**PROBLEM DESCRIPTION:** For this exercise, repeat exactly the lines below starting at the line holding "Ao longo do" and ending at the line holding "国民党主席候选人郑丽文(右后", both included, with no extra lines and no pictures.

• • • •

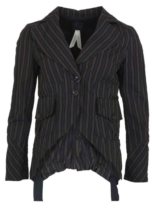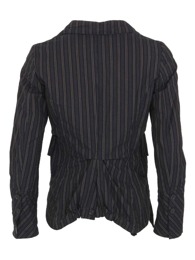 A blazer by Summum in a pinstripe with the colors anthracite and taupe. The blazer is round cut at the bottom and has two pockets on the sides that run to the rear. The blower is unlined and must not be washed.
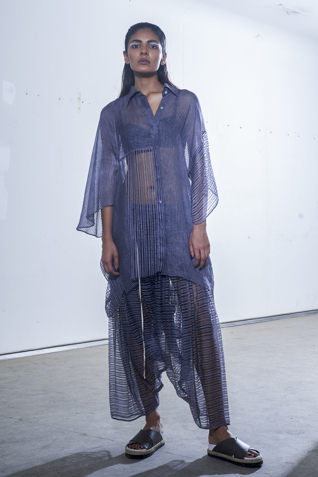 Blockprinted uneven hemline striped shirt in linen noil Wear over matching shalwar/ lounge pants for...
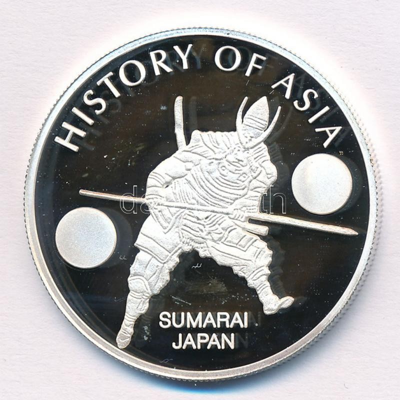 Cook-szigetek 2004. 1$ ezüstözött sárgaréz ‘Ázsia történelme – Szamurájok’ kapszulában, tanúsítvánnyal T:PP ph, karc, kis patina Cook Islands 2004. 1 Dollar silver plated brass ‘History of Asia – Samurai (Sumarai) in capsule with
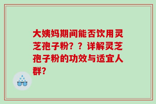 灵芝孢子粉是一种常见的材,具有多种功效。很多女性在大姨妈期间会有疑虑,不知道是否可以饮用灵芝孢子粉。下面我们来详细了解一下。
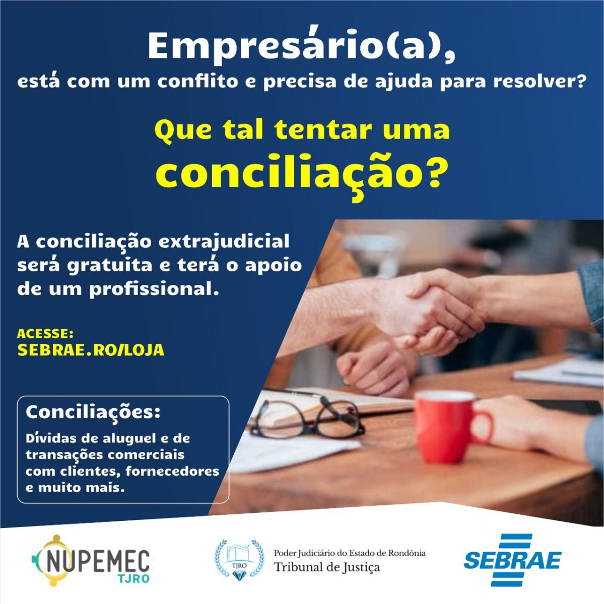 Ao longo do segundo semestre de 2020 o NUPEMEC, atuando com o Sebrae em Rondônia, visualizou que a situação de emergência causada pela pandemia geraria eventuais inadimplências e conflitos no meio empresarial para estabelecerem estratégias com objetivo de ampliar a oferta de audiências de conciliação no território rondoniense.
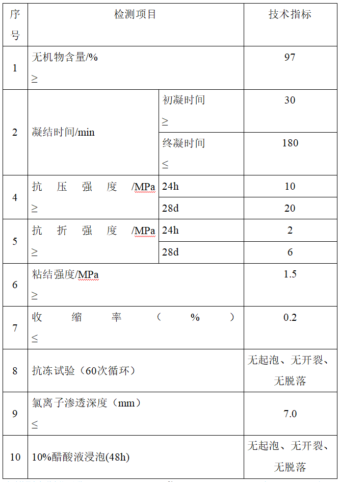 4. 具有快硬特點(diǎn),可用于快速搶修工程。
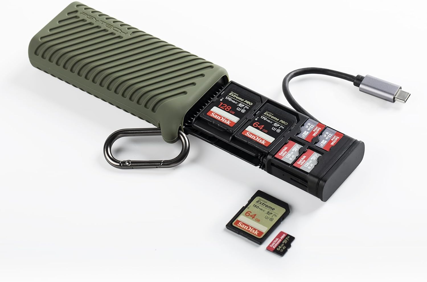 PGYTECH Createmate CFexpress Type B Card Reader 12 in 1 Card Case USB3.2 Gen 2 10Gbps SD Card Reader for Photographers (Green, CFexpress-A)
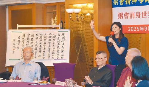 国民党主席候选人郑丽文(右后)9月29日出席纪念粥会精神导师吴稚晖诞辰160周年活动
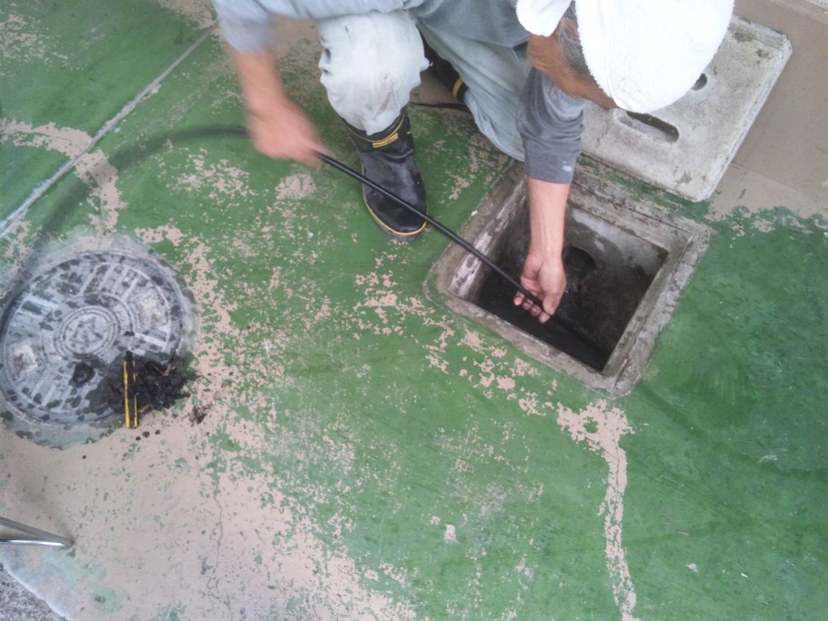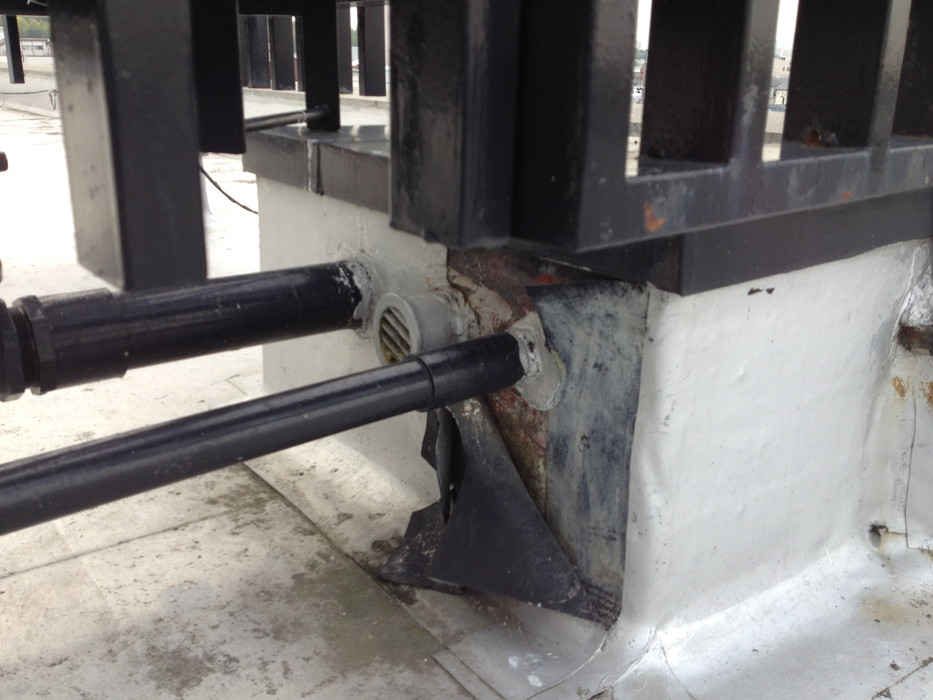 室内の天井より漏水が有るとの事で調査しました所。屋上の防水シートが至る所捲れていて、張り付けて修理完了致しました。

• • • •

**ANSWER BELOW:**
 Ao longo do segundo semestre de 2020 o NUPEMEC, atuando com o Sebrae em Rondônia, visualizou que a situação de emergência causada pela pandemia geraria eventuais inadimplências e conflitos no meio empresarial para estabelecerem estratégias com objetivo de ampliar a oferta de audiências de conciliação no território rondoniense.
 4. 具有快硬特點(diǎn),可用于快速搶修工程。
 PGYTECH Createmate CFexpress Type B Card Reader 12 in 1 Card Case USB3.2 Gen 2 10Gbps SD Card Reader for Photographers (Green, CFexpress-A)
 国民党主席候选人郑丽文(右后)9月29日出席纪念粥会精神导师吴稚晖诞辰160周年活动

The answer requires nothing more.